* _Exercise_
Below are entries with pictures in them. Output exactly the lines starting at the line with "Евролига. Разгромные победы" and ending at the line with "downward dog position.", both included, but not the pictures.

* _Dataset content_
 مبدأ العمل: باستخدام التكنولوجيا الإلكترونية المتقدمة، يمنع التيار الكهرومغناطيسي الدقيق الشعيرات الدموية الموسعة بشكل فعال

---

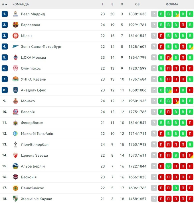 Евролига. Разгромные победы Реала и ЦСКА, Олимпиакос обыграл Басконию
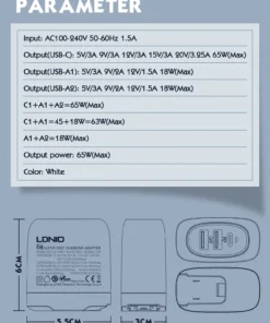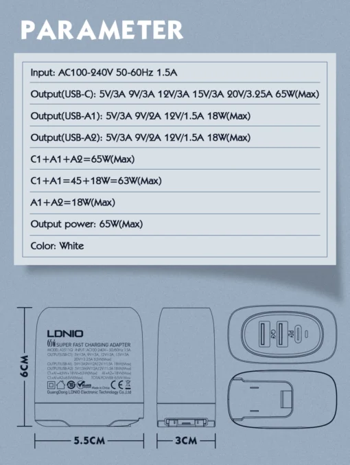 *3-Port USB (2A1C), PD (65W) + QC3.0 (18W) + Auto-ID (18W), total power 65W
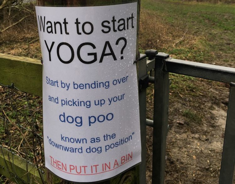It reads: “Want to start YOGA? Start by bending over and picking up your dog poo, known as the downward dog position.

* _Task answer_
 Евролига. Разгромные победы Реала и ЦСКА, Олимпиакос обыграл Басконию
 *3-Port USB (2A1C), PD (65W) + QC3.0 (18W) + Auto-ID (18W), total power 65W
It reads: “Want to start YOGA? Start by bending over and picking up your dog poo, known as the downward dog position.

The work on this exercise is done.